= Myling =

Scandinavian mythical creature

In Scandinavian folklore, the mylingar were the phantasmal incarnations of the souls of children that had been forced to roam the earth until they could persuade someone (or otherwise cause enough of a ruckus to make their wishes known) to bury them properly.

== Lore ==

The myling comes into existence when a child is unwanted and therefore killed by its mother. It can be heard singing in the night, thereby revealing the mother's crime. Ways to help the myling is to give it a name or to find the corpse and bury it in holy soil.
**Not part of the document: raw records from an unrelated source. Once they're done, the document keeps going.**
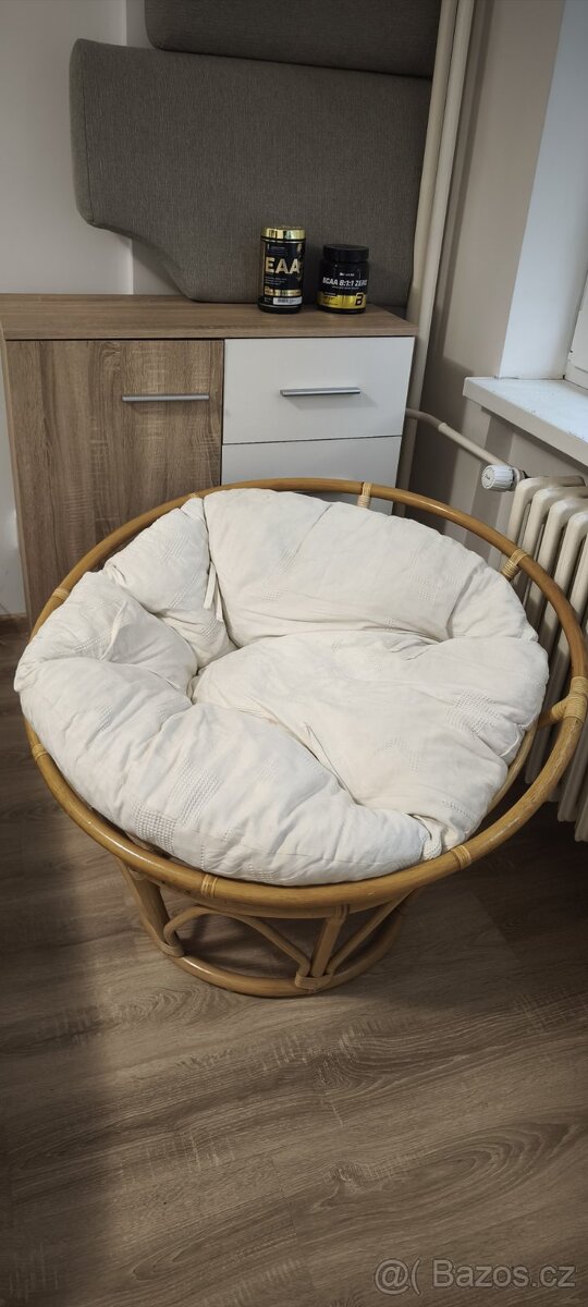 Nabízím 1ks ratanové křeslo s polstrem v dobrém stavu o průměru 100cm.
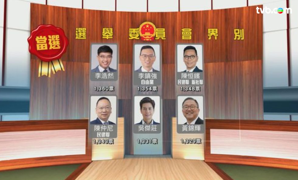 16名當選新人中,得票最多的是城大校董會主席魏明德,有1,345票。加入的「新血」還有廠商會副會長莊家彬,立法會前主席范徐麗泰兒子、全國政協委員范駿華,港區全國人大代表朱立威,警察隊員佐級協會前主席陳祖光等。
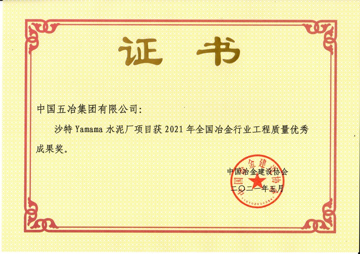 沙特Yamama水泥廠項目——2021年冶金優質工程
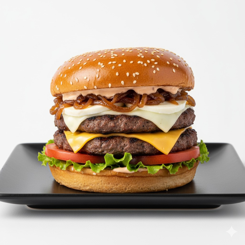 Pan brioche, lechuga, tomate, cebolla caramelizada, 2 carnes Angus (200 gr), queso doble crema, queso americano y salsas.
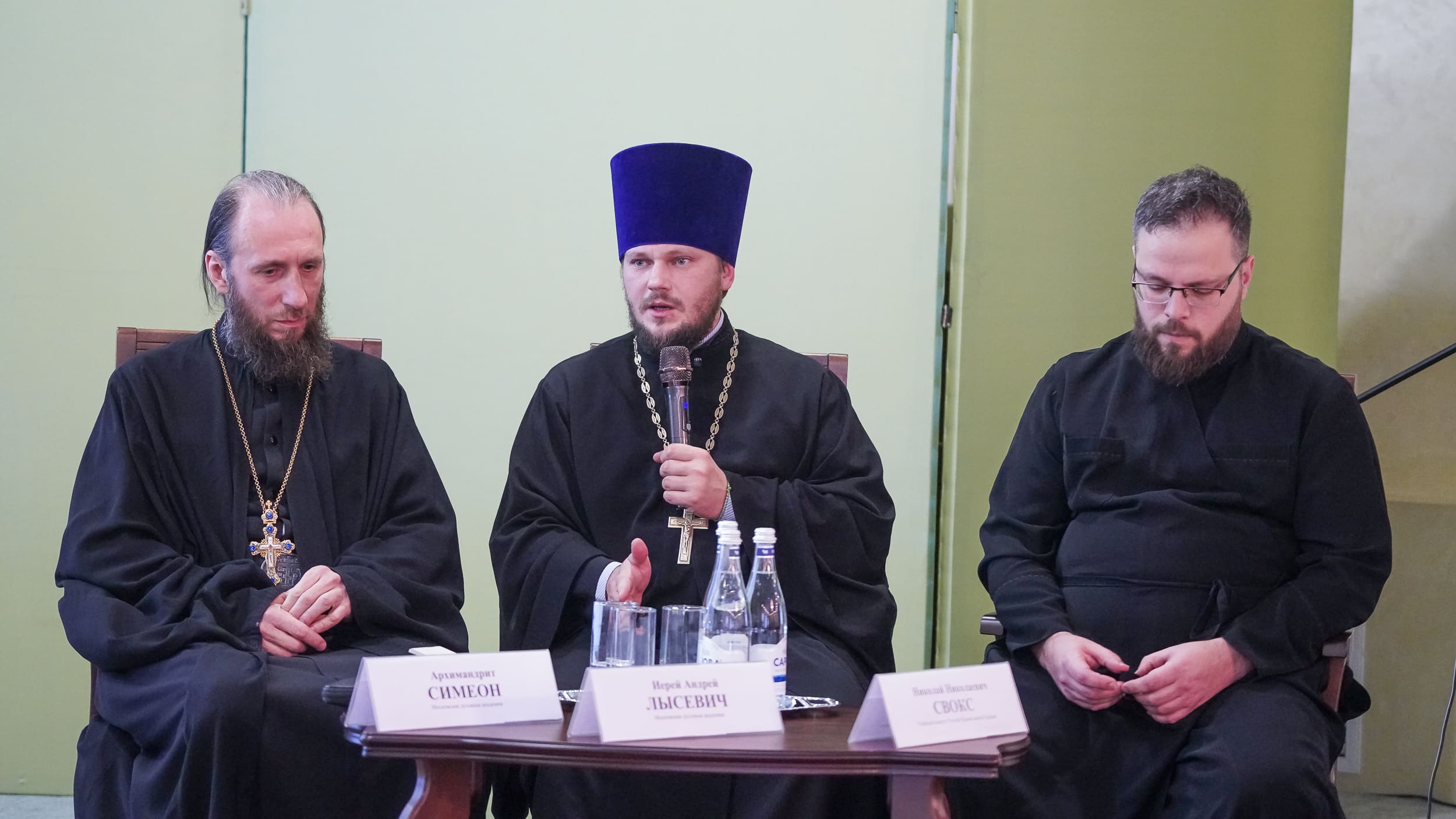 В рамках пленарного заседания также выступил доцент кафедры филологии Московской духовной академии, кандидат богословия, кандидат филологических наук архимандрит Симеон (Томачинский) и преподаватель и проректор по лицензированию и аккредитации Московской духовной академии, преподаватель ОЦАД, специалист Учебного комитета Русской Православной Церкви, кандидат теологии иерей Андрей Лысевич.

The myling (also known as utburd in Norwegian, útburður in Icelandic and ihtiriekko and liekkiö in Finnish) is said to chase lone wanderers at night and jump on their backs, demanding to be carried to the graveyard so they can rest in hallowed ground. Mylings are thought to be enormous and apparently grow heavier as they near the graveyard, to the point where any person carrying one (or more) could sink into the soil. If one should prove unable to make it into the cemetery, the myling kills its victim in a rage.

== History ==
The word "utburd" has a double meaning; the prefix "ut-" can mean both "out" and "extra" (similar to English uses of out- in outhouse & outcast vs outrun & outdone vs outbreak which carries both meanings); the Norwegian verb "burd" can mean "born/birth" and/or "burden" thus meaning "out-born/birth" and "extra-burden". The meaning "out-born/birth" refers to the practice of abandoning unwanted children (e.g., children born out of wedlock or to parents who lacked the means to care for them) in the woods or in other remote places where death is likely to befall the child. It is believed that the ghost of the child will then haunt the place where they had died or, as told of in countless stories, the dwellings of their killers. The "extra-burden" meaning could also explain the motif or trope of the myling or utburd getting heavier as they're carried to hallowed ground to be buried.

"Myling" means Murderling "a murdered small child" and also "small child that murders" from Old Norse myrþa meaning "to murder" with the suffix -ling meaning "small child" in this case. This offers an explanation to the stories of the Myling being murdered and murdering.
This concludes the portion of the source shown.